District Court Erred in Dismissing Employment Class Action and Compelling Arbitration Because “Take it or Leave it” Option was Procedurally Unconscionable Despite 3-Months’ Notice of Arbitration Clause and Limitations Period for Asserting Claims Against Employer was Substantively Unconscionable Ninth Circuit Holds

In February 2004, plaintiff, a paralegal at O’Melveny & Myers until July 2003, filed a class action against her former employer alleging violations of the federal Fair Labor Standards Act (FLSA) and California state laws for failing to pay overtime and failing to provide meal and rest periods. Davis v. O’Melveny & Myers, ___ F.3d ___ (9th Cir. May 14, 2007) [Slip Opn., at 5605-07]. The district court granted the defense motion to dismiss the class action and compel arbitration based on a Dispute Resolution Program that had been distributed to employees via interoffice mail and via the office intranet site. _Id._, at 5606. The class action alleged, in part, that the DRP was unconscionable and enforceable, _id._, at 5607. On appeal, the Ninth Circuit stated that whether the class action claims fell within the scope of the DRP was not in dispute; the issue, rather, was whether the arbitration provision was enforceable. _Id._, at 5608.

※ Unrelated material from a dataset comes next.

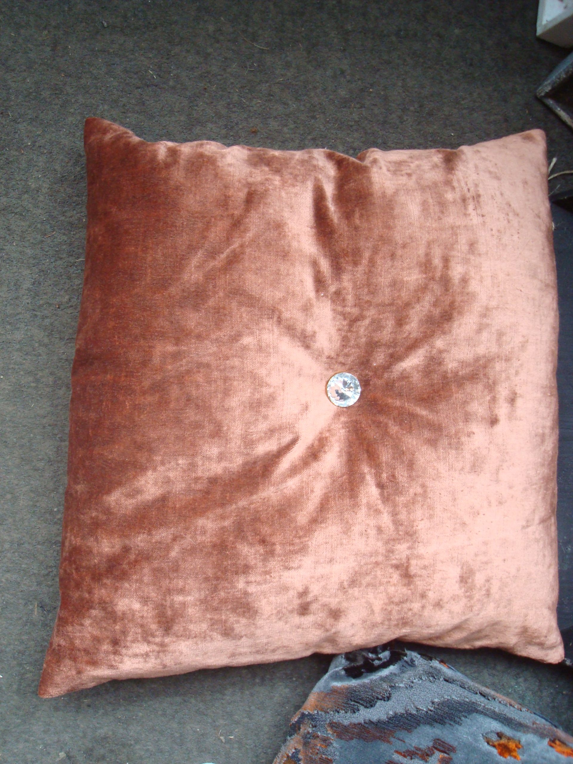 Bruin roest brons kussen 45x45cm vierkant, Claudi, met binnen kussen fluweel met capiton met steen (op voorraad) V3
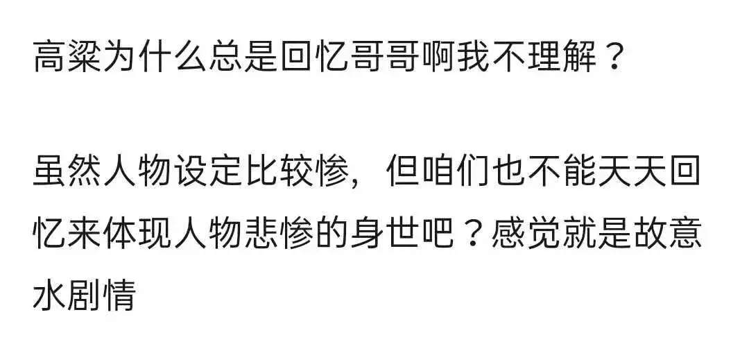 但高粱一集恨不得回忆三回的“祥林嫂行为”成功让人免疫。

Preliminarily, the Ninth Circuit held that “the question of whether O’Melveny’s arbitration agreement is unconscionable is for a court to decide” rather than an arbitrator. Davis, at 5610 (citations omitted). It then addressed whether the arbitration clause was procedurally and substantively unconscionable, as required under California law, id., at 5611 (citations omitted). The Court of Appeals had little difficulty finding the provision procedurally unconscionable, holding that it was prepared by a “sophisticated employer – a national and international law firm, no less” and that, even though the arbitration clause was not hidden and employees were not taken by surprise, “in a very real sense the DRP was ‘take it or leave it.’” Id., at 5611-12. The only way for an employee to “opt out” of the arbitration provision was to leave the company, and California and Ninth Circuit decisional law disapproves of such provisions in employment agreements. Id., at 5612-13 (citations omitted).

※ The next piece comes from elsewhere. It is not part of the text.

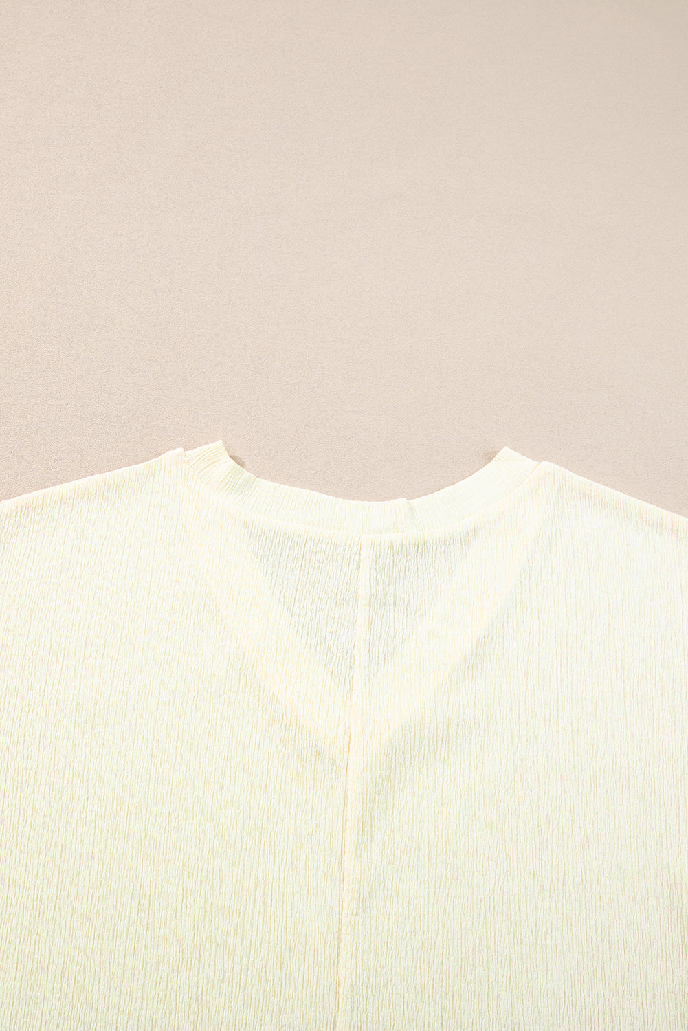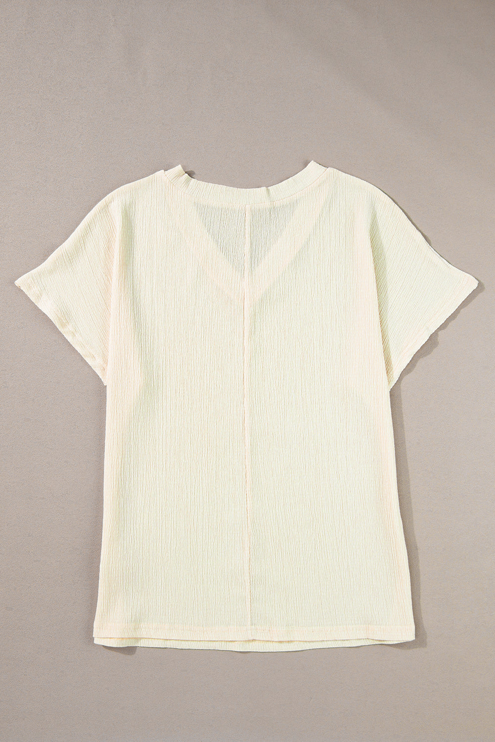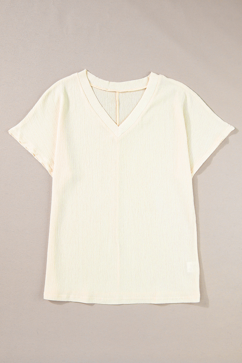 Apricot Crinkled V Neck Wide Sleeve T-shirt

Defense attorneys argued that by providing employees with three months within which to agree to the DRP or seek alternate employment, procedural unconscionability was averted. Davis, at 5613. The Ninth Circuit rejected this argument, noting that the California case relied on by the defense was outside the employment context. Id., at 5614. The Circuit Court also rejected defense efforts to distinguish Ingle v. Circuit City Stores, Inc., 328 F.3d 1165 (9th Cir. 2003) – which expressly rejected a “take it or leave it” clause where employees had been given 3 days to consider the arbitration provision. Even though O’Melveny gave employees three months to consider their options, the Ninth Circuit held that procedural unconscionability must be decided without reference to the amount of notice provided to employees or the availability of other options. Id., at 5614-16.

Turning to substantive unconscionability – that is, whether the terms of the arbitration clause “‘are so one-sided as to shock the conscience,’” Davis, at 5616 (citation omitted, italics in original) – the Ninth Circuit held that requiring employees to initiate arbitration within one year satisfies this requirement even though O’Melveny, too, was limited to the one-year time limit, id., at 5618. The Circuit Court explained that while “mutual” on its face, in application the provision was one-sided because it was unlikely that O’Melveny would bring any claims against employees, id. The Court of Appeals distinguished Soltani v. W. & S. Life Ins. Co., 258 F.3d 1038 (9th Cir. 2001), which upheld a six-month time limitation on employee claims against an employer, explaining that Soltani’s limitations period did not begin to run until the employee left the company such that “[a] three-year old claim could still be filed, as long as it was within six-months from when the employee stopped working.” Id., at 5620.

Accordingly, the Ninth Circuit reversed the district court order dismissing the class action and compelling arbitration, and remanded the action for further proceedings in the district court. Davis, at 5632.

NOTE: The Ninth Circuit also held that the “confidentiality provision” in the DRP, which prohibited parties from discussing employee-employer disputes with anyone “not directly involved in the mediation or arbitration,” was substantively unconscionable and thus unenforceable. Davis, at 5620-23. The Circuit Court stopped short of holding that confidentiality provisions are per se unconscionable, id., at 5623-24.